When you say "the community needs...." you are making an observation that is no doubt true (organizations of any kind have a need to perpetuate their existence)
As far as perpetuation of an organization's existence, Epicurus himself made explicit arrangements for the continuation of the Garden in his will.
But I think the use of the word "organization" is wrong here. I would advocate consistently for terms like "community" "society" "civilization" that is the social medium/environment in which individuals live. Ancient Greeks were very concerned about how individuals lived in common. Those outside of common society were looked at with suspicion. That's why Greek ἴδιος idios meaning "private, separate, one's own" could give rise to the English word idiot. I think Epicurus is addressing these concepts in the last set of KDs.

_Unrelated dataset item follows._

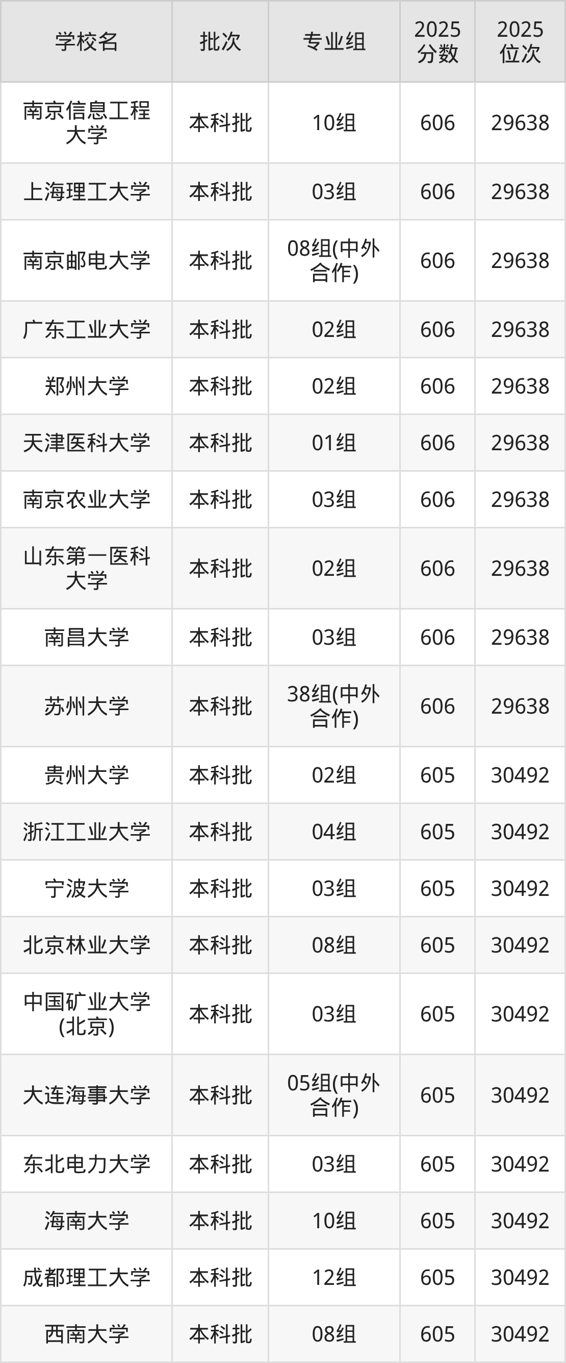 江苏高考605分:历史类排名4658位、物理类排名30492位。该分数位次对应能上的大学历史类有江南大学08组、中国农业大学02组(中外合作);物理类有浙江工业大学04组、宁波大学03组,更多名单如下文所示,2026届考生可参考。

but I see nothing in the texts that indicate to me that Epicurus was in any way concerned with the needs of "organizations."
Hmm. I see KD 31-40 concerned about nothing else except the interrelation among individuals, community, and "justice." We talk about the contextual and relative nature of the philosophy. These last KDs are *all* about justice as a contextual principle concerning how individuals interact in a society. There is no "justice" apart from that context. I'm going back and re-reading the posts on KD 31-38 and then working on 39 and 40, but that's my take on them in recollecting.
It seems to me that Epicurus was focused on the issues of feelings - pleasure and pain - and only individual human beings have those feelings.
Exactly. The majority of the KDs specifically focus on the individual, the use of the Canon, death (of the individual), etc., etc. But the individual doesn't exist in a vacuum. How do we live in community (whether it's Athens or the Garden)? Epicurus addresses this in 31-40. He set out an entire system from atoms to the cosmos and *everything* in between. Book V in Lucretius addresses the rise of humans and civilization and so this discussion of what justice is seems to fit right into that.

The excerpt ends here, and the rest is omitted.